Wednesday, January 7, 2009

El Sauce bike tour




Karen, my bike tour guide, is a bit shy as we pedal through the morning streets past the municipal baseball stadium. Women in worn flip flops are outside sweeping away the night's dirt and tossing buckets of water to clear the area outside their doors of the street. Kellan gave Karen specific directions: Talk simply, use gestures and try whatever she needs to to communicate. Tours are geared toward tourists who speak some Spanish but not a lot, so I'm the perfect mock tour candidate. We're already thinking outside the box. Outside the old train station, Karen tells me about the line that used to run here. I don't know the word for train, but I get the gist. "Toot toot?" I ask her, pulling an imaginary horn. "Si! Toot toot" A shirtless man outside a horse and bridle shop hangs leather straps of orange and yellow outside the wooden front and dogs lope around sniffing the pavement.
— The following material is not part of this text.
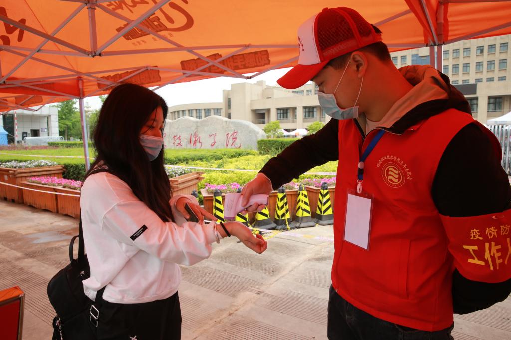 学生入校检测是做好防疫工作的第一道安全屏障。早上七点各分院教师、学生志愿者和校园保安已经身着防疫服、背好消毒桶、手持温枪到达岗位。在校门口设置的学生通道前,返校学生间隔1米以上、有序排队,先出示学生证、健康码,再经测量体温正常后,进入行李消杀区域,然后到所在分院登记处进行信息登记,提交《健康承诺书》,领取备用口罩

Outside of town we get on a trail that was once a train line, bringing cargo of chickens, cows, vegetables and many other things here. When the train stopped running, people took the tracks for use or to sale. Now it's a dirt path that runs north to south, lined on either side by banana trees and humble homes. The government provided land to homeless and very poor people and we are passing them now. The homes are extremely humble, made of adobe (mud, water and dung then dried), scraps of wood and sheets of plastic or sometimes all three. They have latrines with walls of plastic, outdoor adobe ovens and very few belongings. Everyone we pass smiles and says, "Adios." At a communal well, Kellan and Yacarely wash their faces and I spot frehshly-formed adobe drying in the sun. I ask the man to take his picture with his handiwork. I have never seen adobe before. On a bridge, a man is fishing with a net for dinner and often we stop to let other cyclists, women with bags and two young boys hauling a stack of firewood three feet high by. A boy on an ox-drawn cart rattles by, the oxen protesting in the heat. On the way back, we stop at the adobe man's house so I can see his homemade oven.